- **RECORD EXTRACTS**:

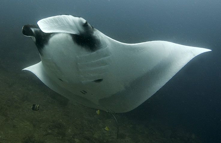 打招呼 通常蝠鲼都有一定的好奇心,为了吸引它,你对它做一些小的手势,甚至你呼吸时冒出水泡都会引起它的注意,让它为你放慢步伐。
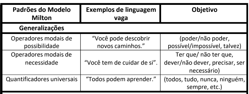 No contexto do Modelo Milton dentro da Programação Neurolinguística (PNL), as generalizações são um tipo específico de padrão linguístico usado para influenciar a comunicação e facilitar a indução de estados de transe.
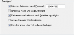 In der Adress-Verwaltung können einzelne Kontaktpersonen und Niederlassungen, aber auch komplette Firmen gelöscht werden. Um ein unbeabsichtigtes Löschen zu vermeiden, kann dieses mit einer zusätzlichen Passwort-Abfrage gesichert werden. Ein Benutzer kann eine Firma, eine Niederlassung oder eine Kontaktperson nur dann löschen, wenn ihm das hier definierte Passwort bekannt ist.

---

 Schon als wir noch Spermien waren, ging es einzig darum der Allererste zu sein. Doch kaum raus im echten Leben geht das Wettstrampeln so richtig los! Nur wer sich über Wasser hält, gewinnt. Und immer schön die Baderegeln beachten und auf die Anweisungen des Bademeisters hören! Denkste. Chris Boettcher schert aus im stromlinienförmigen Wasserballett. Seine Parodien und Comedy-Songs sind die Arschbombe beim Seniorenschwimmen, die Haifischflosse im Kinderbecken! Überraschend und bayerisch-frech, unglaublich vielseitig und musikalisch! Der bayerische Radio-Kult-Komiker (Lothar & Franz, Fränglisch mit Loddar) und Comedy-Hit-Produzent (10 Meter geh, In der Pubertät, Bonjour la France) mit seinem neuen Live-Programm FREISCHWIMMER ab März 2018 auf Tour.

- **PROBLEM DETAILS**: In the records above, find the line with "No contexto do" and the line with "In der Adress-Verwaltung", then restate word for word only those two lines and all lines between, omitting pictures.

- **ANSWER SPACE**:
 No contexto do Modelo Milton dentro da Programação Neurolinguística (PNL), as generalizações são um tipo específico de padrão linguístico usado para influenciar a comunicação e facilitar a indução de estados de transe.
 In der Adress-Verwaltung können einzelne Kontaktpersonen und Niederlassungen, aber auch komplette Firmen gelöscht werden. Um ein unbeabsichtigtes Löschen zu vermeiden, kann dieses mit einer zusätzlichen Passwort-Abfrage gesichert werden. Ein Benutzer kann eine Firma, eine Niederlassung oder eine Kontaktperson nur dann löschen, wenn ihm das hier definierte Passwort bekannt ist.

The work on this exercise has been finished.